**INPUT DATA:**
+ + + +

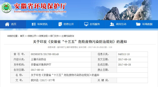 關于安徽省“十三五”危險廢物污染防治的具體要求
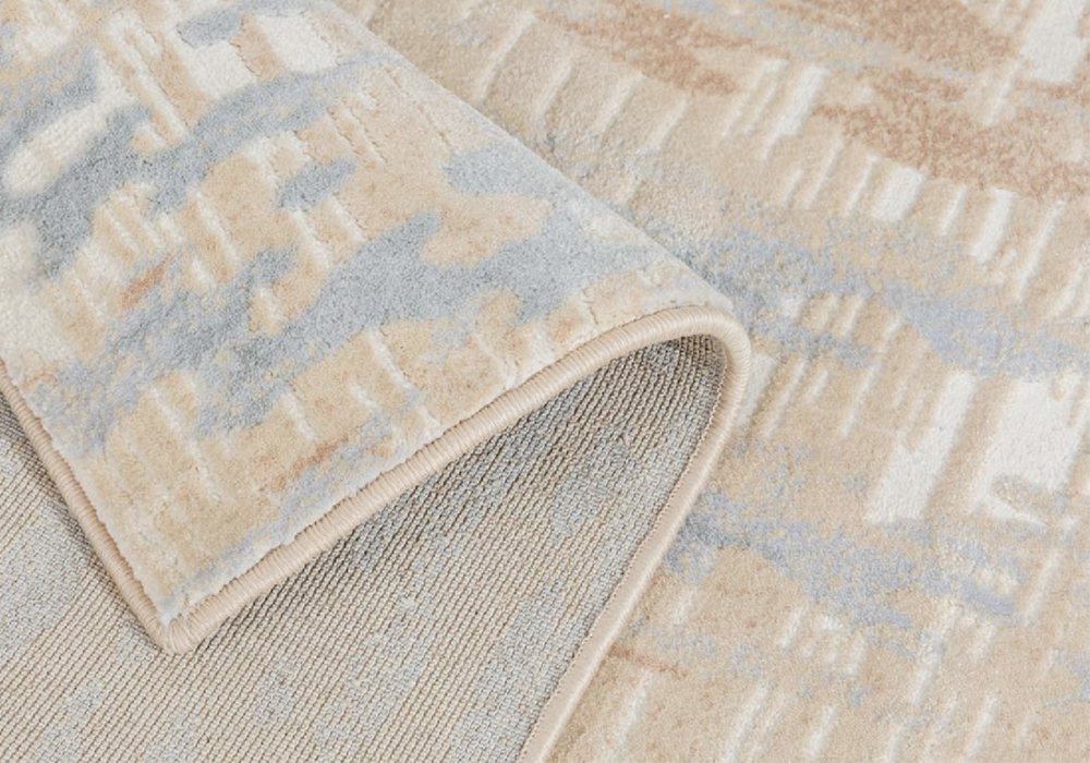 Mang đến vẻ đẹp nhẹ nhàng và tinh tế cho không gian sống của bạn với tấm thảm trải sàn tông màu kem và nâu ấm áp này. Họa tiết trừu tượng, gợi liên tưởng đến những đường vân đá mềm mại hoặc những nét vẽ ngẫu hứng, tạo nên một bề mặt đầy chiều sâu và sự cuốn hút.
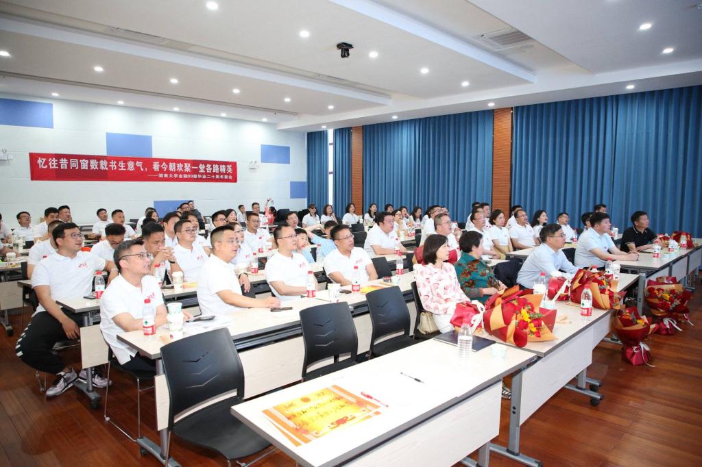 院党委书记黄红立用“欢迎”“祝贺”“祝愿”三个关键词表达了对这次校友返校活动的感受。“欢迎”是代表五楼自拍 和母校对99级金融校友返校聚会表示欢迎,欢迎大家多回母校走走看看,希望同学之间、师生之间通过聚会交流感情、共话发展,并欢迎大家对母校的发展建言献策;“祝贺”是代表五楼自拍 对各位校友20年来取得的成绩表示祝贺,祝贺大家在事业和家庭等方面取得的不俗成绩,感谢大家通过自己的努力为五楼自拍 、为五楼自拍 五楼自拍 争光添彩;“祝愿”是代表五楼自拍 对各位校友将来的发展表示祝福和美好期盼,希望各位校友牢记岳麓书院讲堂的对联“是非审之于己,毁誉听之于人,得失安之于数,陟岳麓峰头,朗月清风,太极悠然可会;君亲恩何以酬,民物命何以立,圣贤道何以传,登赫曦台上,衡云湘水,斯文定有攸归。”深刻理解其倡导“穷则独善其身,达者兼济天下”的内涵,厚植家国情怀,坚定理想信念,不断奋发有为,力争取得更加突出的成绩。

+ + + +

**WORK TASK:** The lines from the one containing "Mang đến vẻ" through the final line of the data are to be repeated exactly, with both ends included and all pictures left out.

**EXERCISE RESPONSE:**
 Mang đến vẻ đẹp nhẹ nhàng và tinh tế cho không gian sống của bạn với tấm thảm trải sàn tông màu kem và nâu ấm áp này. Họa tiết trừu tượng, gợi liên tưởng đến những đường vân đá mềm mại hoặc những nét vẽ ngẫu hứng, tạo nên một bề mặt đầy chiều sâu và sự cuốn hút.
 院党委书记黄红立用“欢迎”“祝贺”“祝愿”三个关键词表达了对这次校友返校活动的感受。“欢迎”是代表五楼自拍 和母校对99级金融校友返校聚会表示欢迎,欢迎大家多回母校走走看看,希望同学之间、师生之间通过聚会交流感情、共话发展,并欢迎大家对母校的发展建言献策;“祝贺”是代表五楼自拍 对各位校友20年来取得的成绩表示祝贺,祝贺大家在事业和家庭等方面取得的不俗成绩,感谢大家通过自己的努力为五楼自拍 、为五楼自拍 五楼自拍 争光添彩;“祝愿”是代表五楼自拍 对各位校友将来的发展表示祝福和美好期盼,希望各位校友牢记岳麓书院讲堂的对联“是非审之于己,毁誉听之于人,得失安之于数,陟岳麓峰头,朗月清风,太极悠然可会;君亲恩何以酬,民物命何以立,圣贤道何以传,登赫曦台上,衡云湘水,斯文定有攸归。”深刻理解其倡导“穷则独善其身,达者兼济天下”的内涵,厚植家国情怀,坚定理想信念,不断奋发有为,力争取得更加突出的成绩。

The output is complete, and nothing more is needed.